**Given records**
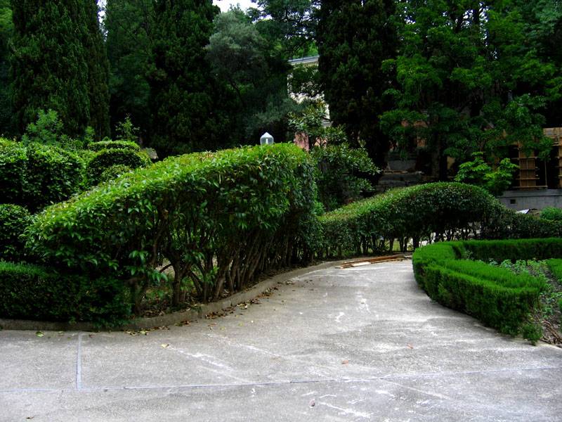 Забор округлой формы формируют из раскидистых растений, таких как лавровишня, фотиния и бирючина. В этом случае стена тоже должна расширяться сверху вниз, чтобы все ветки получали достаточно света
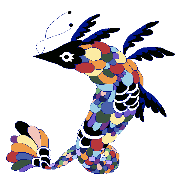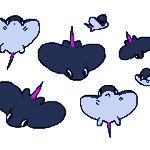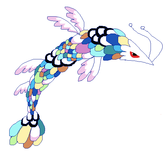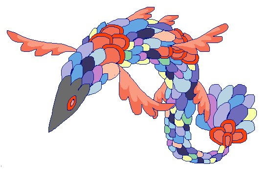 Galaversa: This rare beast can be found soaring in the skies near tall mountains on starry nights. It lands at dawn in beds of flowers, where its wings pick up pollen and stones that form the 'stars' it's known for. It is rather friendly to people. #monsterdesignmonday #pixelart
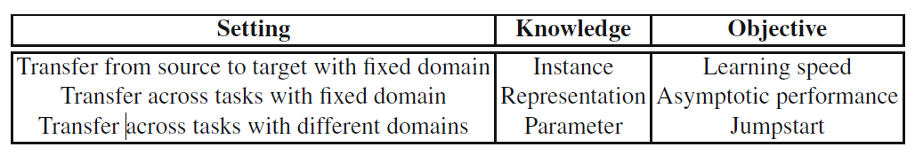表 2:RL 中迁移学习的三个维度。每个迁移解决方案都是为特定设置设计的,传输某种形式的知识,追求某一目标。
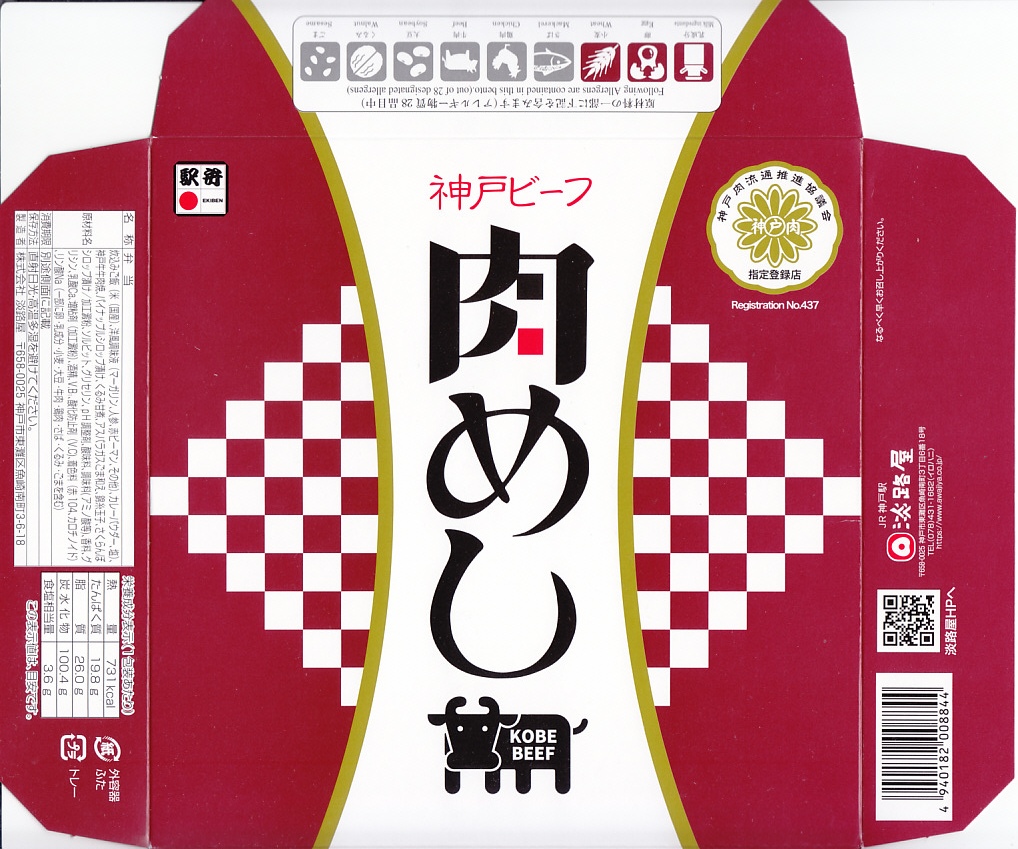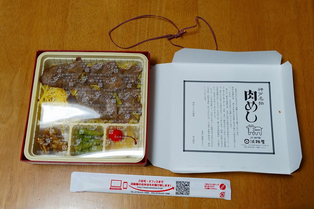2025(令和7)年1月の京王百貨店の駅弁大会で、神戸駅の駅弁として実演販売。バレンシアライスまたはカレー風味の御飯をタレ漬け肉で覆う肉めしと、タレ御飯をすき焼き肉などで覆う牛丼を、ひとつの容器に並べた。この価格と実演での販売で、お肉のおいしさの詰め合わせ。どうもこの会場でだけ売られた疑義駅弁のようだが、この味はいずれも現地で以前から親しまれるものである。
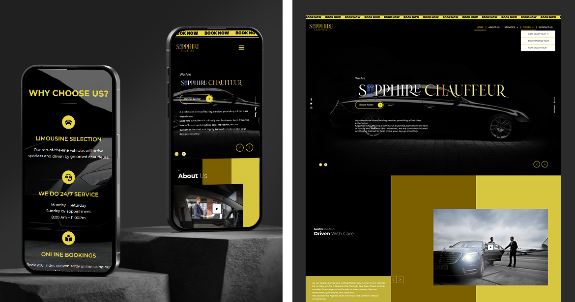 Sapphire Chauffeur’s new website is elegant yet efficient—just like their service. Built with intuitive navigation and quick booking access, the platform allows customers to find, choose, and book rides with ease. The site is fully responsive, mobile-ready, and designed for trust at every click. We spotlighted the business’s woman-owned leadership and personal touch—an important differentiator in the luxury transport space. From color palette to content structure, the site now reflects the values of safety, punctuality, and premium service.
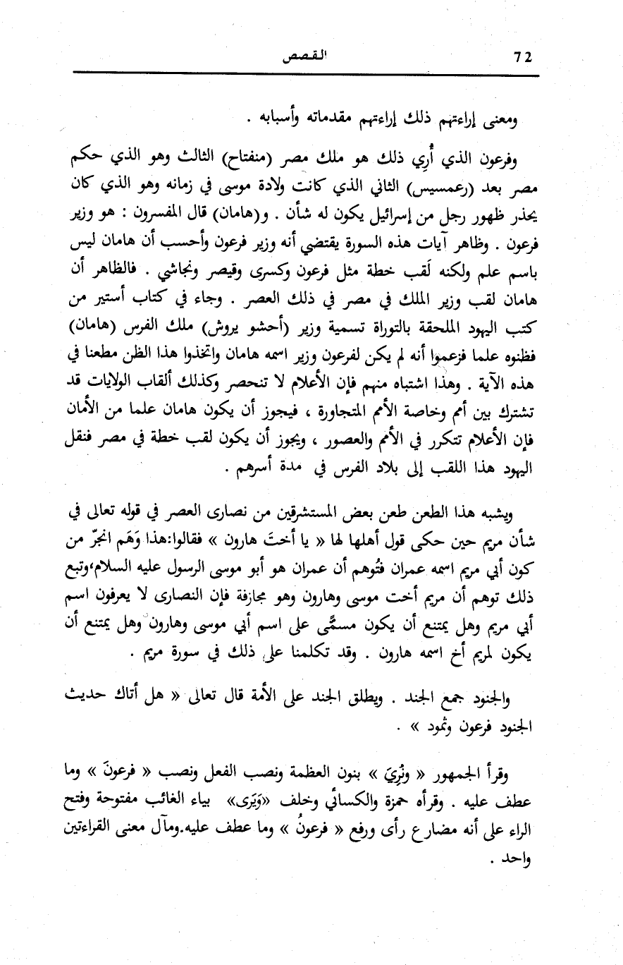 وَيُشْبِهُ هَذَا الطَّعْنَ طَعْنُ بَعْضِ الْمُسْتَشْرِقِينَ مِنْ نَصَارَى الْعَصْرِ فِي قَوْلِهِ تَعَالَى فِي شَأْنِ مَرْيَمَ حِينَ حَكَى قَوْلَ أَهْلِهَا لَهَا يَا أُخْتَ هارُونَ [مَرْيَم: 28] فَقَالُوا: هَذَا وَهَمٌ انْجَرَّ مِنْ كَوْنِ أَبِي مَرْيَمَ اسْمُهُ عِمْرَانُ فَتَوَهَّمَ أَنَّ عِمْرَانَ هُوَ أَبُو مُوسَى الرَّسُولِ عَلَيْهِ السَّلَامُ، وَتَبِعَ ذَلِكَ تَوَهُّمُ أَنَّ مَرْيَمَ أُخْتُ مُوسَى وَهَارُونَ وَهُوَ مُجَازَفَةٌ فَإِنَّ النَّصَارَى لَا يَعْرِفُونَ اسْمَ أَبِي مَرْيَمَ وَهَلْ يَمْتَنِعُ أَنْ يَكُونَ مُسَمًّى عَلَى اسْمِ أَبِي مُوسَى وَهَارُونَ وَهَلْ يَمْتَنِعُ أَنْ يَكُونَ لِمَرْيَمَ أَخٌ اسْمُهُ هَارُونُ. وَقَدْ تَكَلَّمْنَا عَلَى ذَلِكَ فِي سُورَةِ مَرْيَمَ.
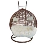 El refugio perfecto en casa. Silla colgante doble en elegante tono chocolate, diseñada para ofrecer confort compartido y un toque de lujo a tu terraza o jardín.
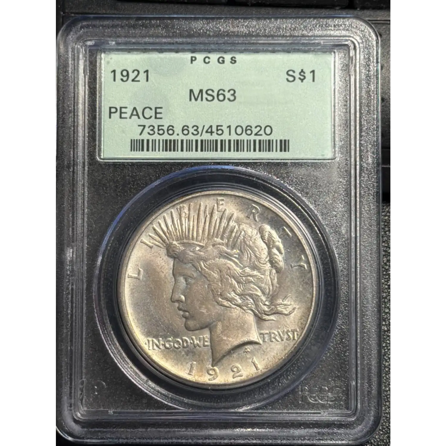 1921 Peace Silver Dollar PCGS MS-63 OGH PQ Peace HIGH RELIEF
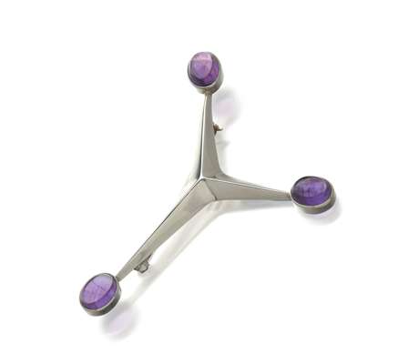 BENT GABRIELSEN - a 1950's silver mounted amethyst set brooch,
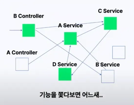 아래 이미지는 서비스 간 의존성이 꼬이면서 스파게티 코드가 형성되는 문제를 보여줍니다.
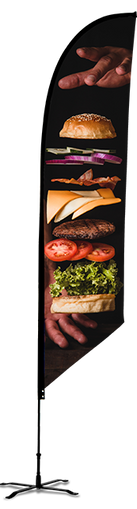 Banderas tipo Pluma Angular impresas "full color" a medida seguramente llamarán la atención de sus clientes.
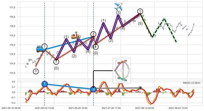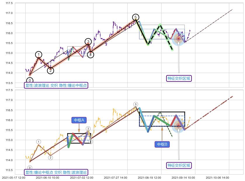 ➢ 波浪理论与缠论中枢点信号事件周期长度级别相同,同周期信号事件
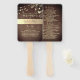 Mantenha os convidados frescos e informados com este elegante leque de mão de programa de casamento duplo. Apresenta um fundo de madeira falsa, sotaques florais dourados, luzes de corda e espaço para detalhes da cerimônia e nomes da festa de casamento. Um toque perfeito para celebrações de outono, rústicas ou ao ar livre.
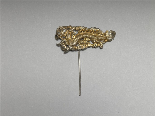 以敲花銀銅合金片作雲龍紋簪首,後方加銲一銀絲延伸至龍口前繞成圈環,如龍吐珠狀。素圓挺。
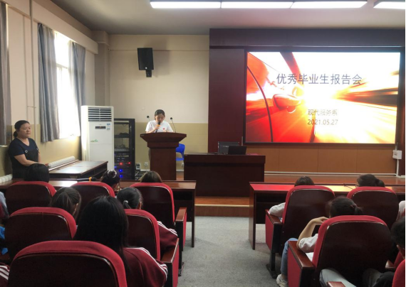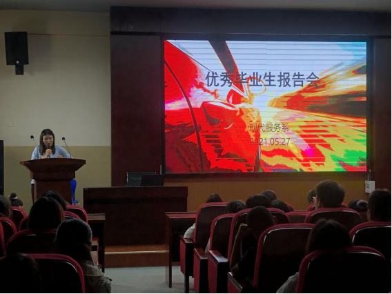 5月27日下午15:00,現(xiàn)代服務系在C-302召開了優(yōu)秀畢業(yè)生報告會。報告會由現(xiàn)代服務系主任王楠主持,18G財管劉夢竹、19G財管于文浩2名優(yōu)秀畢業(yè)生給服務系的同學們分享了各自上學時的學習方法、心得及走向職場后的工作經歷。
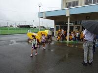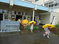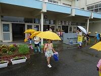 しかし、校庭に大きな水溜まりができてぬかるんでいるときには、整列することがむずかしいので、方面別に時間差で下校させる方式をとっています。
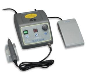 Featuring a torque type handpiece, the Forte100 is a desktop, brushless micromotor designed to increase work efficiency while reducing vibration and noise. With a foot pedal control, the micromotor has a maximum rpm of 50,000 and a torque of 7.8 N.cm. Ergonomically designed, the unit has a built-in microprocessor for self-diagnosis, error display, and work memory storage. Contact: A&A JEWELRY SUPPLY, 319 W. 6th St., Los Angeles, CA 90014; 1-213-627-8004; fax 627-1653; e-mail info@aajewelry.com; aajewelry.com.
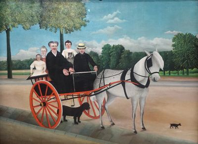 Rousseau réalise probablement ce portrait de famille pour régler ses dettes auprès de Claude Junier, son voisin maraîcher et dresseur de chevaux. S’inspirant de photographies, le peintre s'écarte pourtant de son modèle: il se joue des rapports d'échelle et se représente sur le siège du cocher.
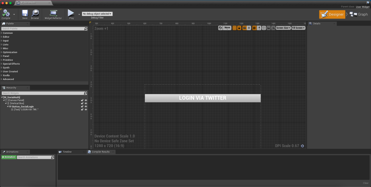 User Interface > Widget Blueprint . - In the widget blueprint, add the social login button.

**Task statement**
Where an entry contains an image, leave the image out; otherwise retype everything exactly.

**Completed task**
 Забор округлой формы формируют из раскидистых растений, таких как лавровишня, фотиния и бирючина. В этом случае стена тоже должна расширяться сверху вниз, чтобы все ветки получали достаточно света
 Galaversa: This rare beast can be found soaring in the skies near tall mountains on starry nights. It lands at dawn in beds of flowers, where its wings pick up pollen and stones that form the 'stars' it's known for. It is rather friendly to people. #monsterdesignmonday #pixelart
表 2:RL 中迁移学习的三个维度。每个迁移解决方案都是为特定设置设计的,传输某种形式的知识,追求某一目标。
2025(令和7)年1月の京王百貨店の駅弁大会で、神戸駅の駅弁として実演販売。バレンシアライスまたはカレー風味の御飯をタレ漬け肉で覆う肉めしと、タレ御飯をすき焼き肉などで覆う牛丼を、ひとつの容器に並べた。この価格と実演での販売で、お肉のおいしさの詰め合わせ。どうもこの会場でだけ売られた疑義駅弁のようだが、この味はいずれも現地で以前から親しまれるものである。
 Sapphire Chauffeur’s new website is elegant yet efficient—just like their service. Built with intuitive navigation and quick booking access, the platform allows customers to find, choose, and book rides with ease. The site is fully responsive, mobile-ready, and designed for trust at every click. We spotlighted the business’s woman-owned leadership and personal touch—an important differentiator in the luxury transport space. From color palette to content structure, the site now reflects the values of safety, punctuality, and premium service.
 وَيُشْبِهُ هَذَا الطَّعْنَ طَعْنُ بَعْضِ الْمُسْتَشْرِقِينَ مِنْ نَصَارَى الْعَصْرِ فِي قَوْلِهِ تَعَالَى فِي شَأْنِ مَرْيَمَ حِينَ حَكَى قَوْلَ أَهْلِهَا لَهَا يَا أُخْتَ هارُونَ [مَرْيَم: 28] فَقَالُوا: هَذَا وَهَمٌ انْجَرَّ مِنْ كَوْنِ أَبِي مَرْيَمَ اسْمُهُ عِمْرَانُ فَتَوَهَّمَ أَنَّ عِمْرَانَ هُوَ أَبُو مُوسَى الرَّسُولِ عَلَيْهِ السَّلَامُ، وَتَبِعَ ذَلِكَ تَوَهُّمُ أَنَّ مَرْيَمَ أُخْتُ مُوسَى وَهَارُونَ وَهُوَ مُجَازَفَةٌ فَإِنَّ النَّصَارَى لَا يَعْرِفُونَ اسْمَ أَبِي مَرْيَمَ وَهَلْ يَمْتَنِعُ أَنْ يَكُونَ مُسَمًّى عَلَى اسْمِ أَبِي مُوسَى وَهَارُونَ وَهَلْ يَمْتَنِعُ أَنْ يَكُونَ لِمَرْيَمَ أَخٌ اسْمُهُ هَارُونُ. وَقَدْ تَكَلَّمْنَا عَلَى ذَلِكَ فِي سُورَةِ مَرْيَمَ.
 El refugio perfecto en casa. Silla colgante doble en elegante tono chocolate, diseñada para ofrecer confort compartido y un toque de lujo a tu terraza o jardín.
 1921 Peace Silver Dollar PCGS MS-63 OGH PQ Peace HIGH RELIEF
 BENT GABRIELSEN - a 1950's silver mounted amethyst set brooch,
 아래 이미지는 서비스 간 의존성이 꼬이면서 스파게티 코드가 형성되는 문제를 보여줍니다.
 Banderas tipo Pluma Angular impresas "full color" a medida seguramente llamarán la atención de sus clientes.
 ➢ 波浪理论与缠论中枢点信号事件周期长度级别相同,同周期信号事件
 Mantenha os convidados frescos e informados com este elegante leque de mão de programa de casamento duplo. Apresenta um fundo de madeira falsa, sotaques florais dourados, luzes de corda e espaço para detalhes da cerimônia e nomes da festa de casamento. Um toque perfeito para celebrações de outono, rústicas ou ao ar livre.
 以敲花銀銅合金片作雲龍紋簪首,後方加銲一銀絲延伸至龍口前繞成圈環,如龍吐珠狀。素圓挺。
 5月27日下午15:00,現(xiàn)代服務系在C-302召開了優(yōu)秀畢業(yè)生報告會。報告會由現(xiàn)代服務系主任王楠主持,18G財管劉夢竹、19G財管于文浩2名優(yōu)秀畢業(yè)生給服務系的同學們分享了各自上學時的學習方法、心得及走向職場后的工作經歷。
 しかし、校庭に大きな水溜まりができてぬかるんでいるときには、整列することがむずかしいので、方面別に時間差で下校させる方式をとっています。
 Featuring a torque type handpiece, the Forte100 is a desktop, brushless micromotor designed to increase work efficiency while reducing vibration and noise. With a foot pedal control, the micromotor has a maximum rpm of 50,000 and a torque of 7.8 N.cm. Ergonomically designed, the unit has a built-in microprocessor for self-diagnosis, error display, and work memory storage. Contact: A&A JEWELRY SUPPLY, 319 W. 6th St., Los Angeles, CA 90014; 1-213-627-8004; fax 627-1653; e-mail info@aajewelry.com; aajewelry.com.
 Rousseau réalise probablement ce portrait de famille pour régler ses dettes auprès de Claude Junier, son voisin maraîcher et dresseur de chevaux. S’inspirant de photographies, le peintre s'écarte pourtant de son modèle: il se joue des rapports d'échelle et se représente sur le siège du cocher.
 User Interface > Widget Blueprint . - In the widget blueprint, add the social login button.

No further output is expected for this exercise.